Tessa wanted to shout “Yes!” as loud as she could but refrained, knowing what the consequences would be once this visit was over.
It was unlike Hicks not to respond with some smart-ass comment, but the horrible woman left the room without saying a word, signaling her displeasure only by slamming the door behind her. Perhaps these people had the kind of clout that even a bully like Hicks recognized could spell trouble for her if they decided to make an issue of her crude conduct. One could wish.
“Are they all like her?” the man who had spoken asked, nodding toward the door.
Tessa shook her head. “No.” Her head was spinning, wondering what was happening. It couldn’t be good; that much she was sure of. No one visited a prison to deliver good news; at least she didn’t know of anyone who’d had good news delivered this way.

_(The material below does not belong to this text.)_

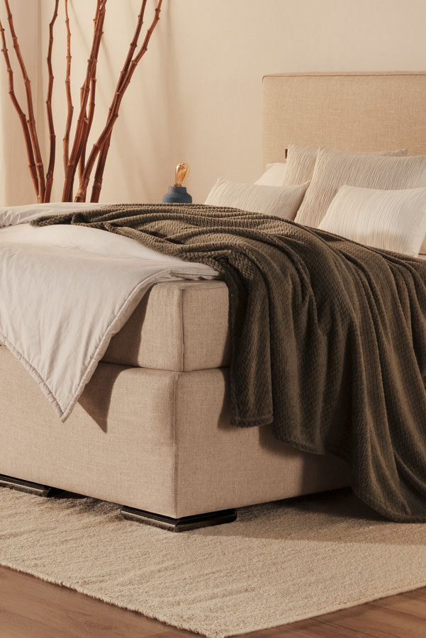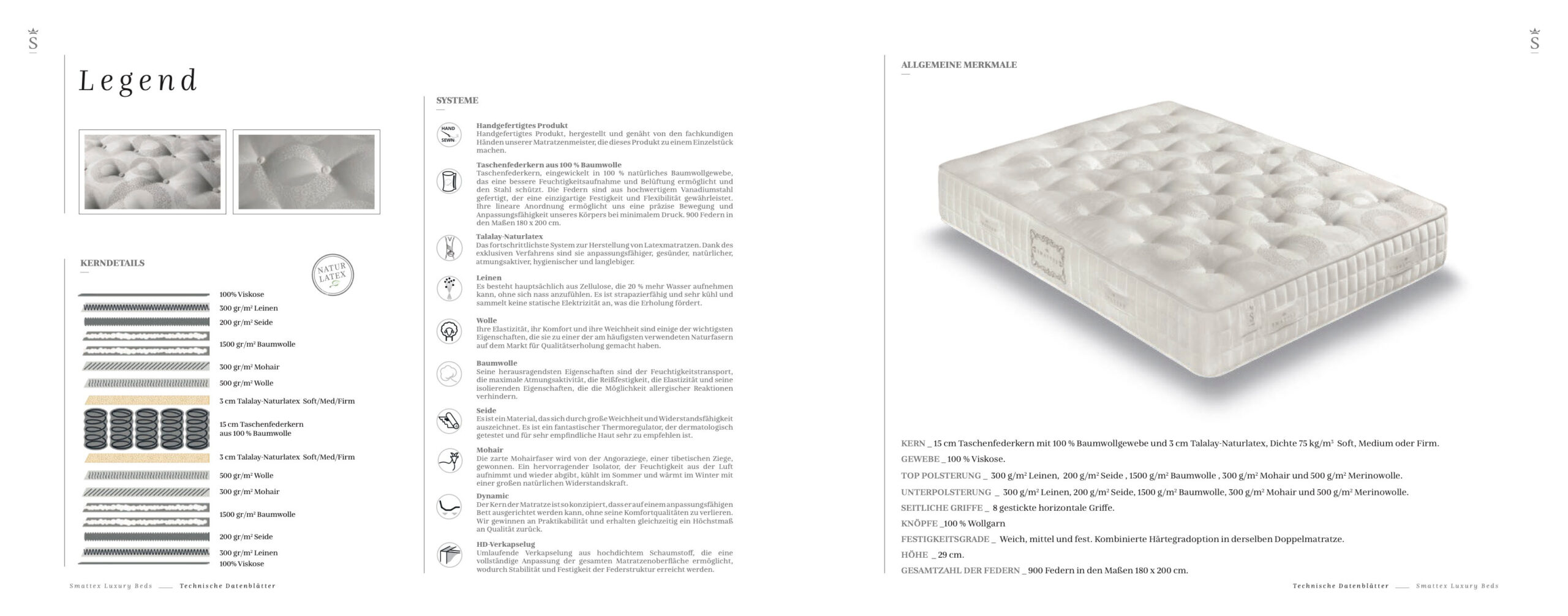 KERN _ 15 cm Taschenfederkern mit 100 % Baumwollgewebe und 3 cm Talalay-Naturlatex, Dichte 75 kg/m3 Soft, Medium oder Firm. GEWEBE _ 100 % Viskose. TOP POLSTERUNG _ 300 g/m2 Leinen, 200 g/m2 Seide , 1500 g/m2 Baumwolle , 300 g/m2 Mohair und 500 g/m2 Merinowolle. UNTERPOLSTERUNG _ 300 g/m2 Leinen, 200 g/m2 Seide, 1500 g/m2 Baumwolle, 300 g/m2 Mohair und 500 g/m2 Merinowolle. SEITLICHE GRIFFE _ 8 gestickte horizontale Griffe. KNÖPFE _100 % Wollgarn. FESTIGKEITSGRADE _ Weich, mittel und fest. Kombinierte Härtegradoption in derselben Doppelmatratze. HÖHE _ 29 cm. GESAMTZAHL DER FEDERN _ 900 Federn in den Maßen 180 x 200 cm.

“I assume you’re wondering why we are all here,” said the man with the unfamiliar voice. He was tall, broad-shouldered, and had a head of the blackest hair she had ever seen. He wore wire-rimmed glasses, a dark blue suit, and a pink tie, which she assumed to be in recognition of it being October, Breast Cancer Awareness Month. “I’m Lee Whitlow, and these are my associates”—he stepped out of her line of sight—“Steven Kilhefner and Bethany Young.”
Tessa extended her hand, shaking hands with these three strangers who had most likely come with devastating news, hence Sam’s appearance.
Her first thought was that Lara had either overdosed or had been killed. Just the thought caused her stomach to churn with that familiar tugging sensation that she identified as gut-wrenching fear.
Unsure of what she should do, she simply said, “Hello.” It had been a very long time since she had had occasion to display her social graces, and she felt totally out of touch with the real world. Prison life was an entity unto itself, and Tessa was stained forever with the stigma of being a convicted murderer. She felt inhuman, worthless, no longer a part of society or anything that mattered because the life she knew had been taken from her over ten years ago. So, whoever these people were, the reason for their visit didn’t really matter because she knew that as soon as they said whatever they came to say, Hicks would take her back to her cell, where she would return to the world of F. Scott Fitzgerald.